What is this one's definite integral ?

[Calton]

Main Question or Discussion Point

This is too far behind me ( time-wise ), and I've gotten different answers from virtually every different online integral calculator . What is the integral of : ( 2.12068539072 x 10^-11 ) / x^2 from 6,378,100 to 1,500,000,000 ? Please only help if you really know your maths well .

 

[Drakkith]

I believe the top of the fraction can be brought to the outside of the integral, leaving you with 1/x² on the inside. Now it's a near-trivial integral with some large limits of integration. Do you know the antiderivative of 1/x²?

 

[Calton]

I just reposted this question cos I thought it didn't take. The integration - as far as I can determine comes to just : -1/x So then I think it gets worked out as
1/b - 1/a where they are ( respectively ) 1500000000 & 6378100 . The answer I get comes to : 1.5678650e-7 - Which I think is wrong.
I'm trying to calculate the average force on an O2 molecule 1,500,000,000 meters out from Earth - coming to ground. It SHOULD also be calculated as from infinity as well. Then I think it should cross check (when its arrival speed is calculated ) with the escape velocity for Earth ( 11.2 Km/s ) .

 

[Drakkith]

I'm about to head to bed, but I'll try to remember to come back to this after I wake up tomorrow.

 

[Erland]

I get 3.31081057847891 *10^-18 with GNU Octave.

 

[Delta2]

I think what you actually calculate with this integral is the work of the gravity force from 6378100 to 1500000000, you have to divide the value of the integral to the (1500000000-6378100) to get the average force.

 

[fresh_42]

I get 3.31081057847891 *10^-18 with GNU Octave.

The ordinary Windows calculator gives the same result.

 

[Calton]

I get 3.31081057847891 *10^-18 with GNU Octave.

Thank you Erland. - Yes, - I found, - many hours later, the same number that YOU have come up with. I'm going to have a look at that "GNU Octave" you've mentioned. - Once again, - many thanks.

 

[Calton]

I think what you actually calculate with this integral is the work of the gravity force from 6378100 to 1500000000, you have to divide the value of the integral to the (1500000000-6378100) to get the average force.
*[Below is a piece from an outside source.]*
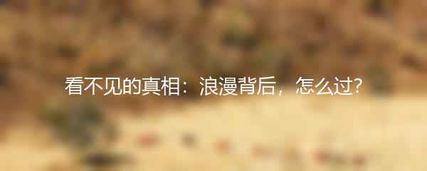 以上就是为大家带来的“看不见的真相:浪漫背后,怎么过?”这篇关于浪漫背后的内容。希望通过本文的探讨,能够帮助大家更好地了解爱情的真实与浪漫的关系,并在人生旅途中创造出属于自己的幸福。
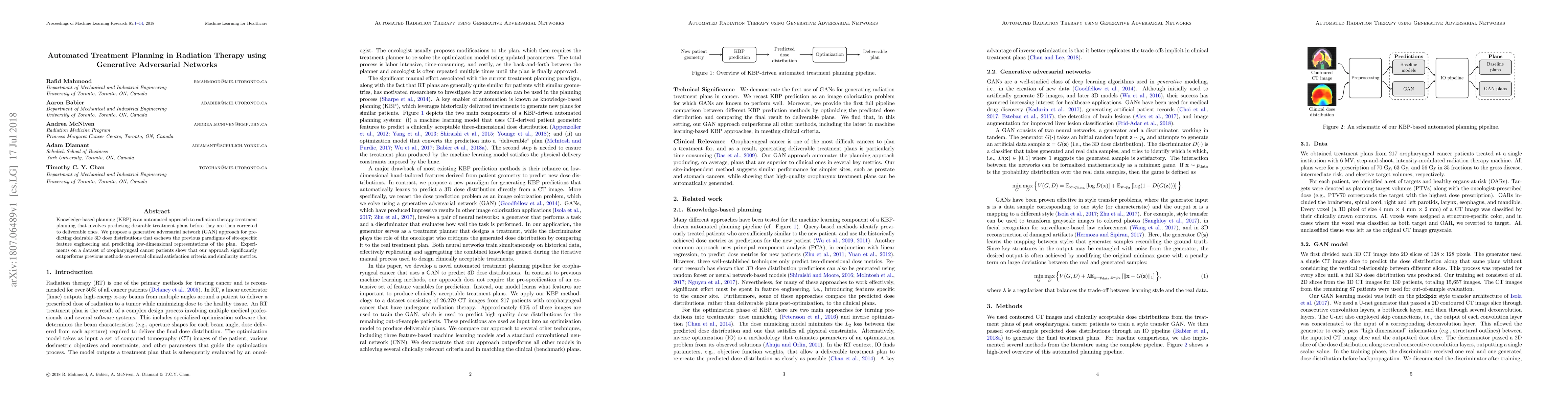 This paper proposes a generative adversarial network (GAN) for automated treatment planning in radiation therapy, predicting 3D dose distributions without site-specific feature engineering. Experiments demonstrate that the GAN method outperforms previous approaches, achieving better clinical satisfaction and similarity metrics in oropharyngeal cancer cases.

- Thank you Delta for you r effort too ! - Also : - No. The answer is the Work done. Then negating that answer, gives the Potential Energy accumulated by that
movement ( out to the greater distance ). - Once again many thanks.

 

[Calton]

Dear Delta,
- I must apologize for my reply to you. I was driving along in the car the next day, and realized how dumb what I wrote was. - You were basically correct, ( except you must negate like I said ) - then dividing by the distance gives the average force, - like you said. - Thanks again.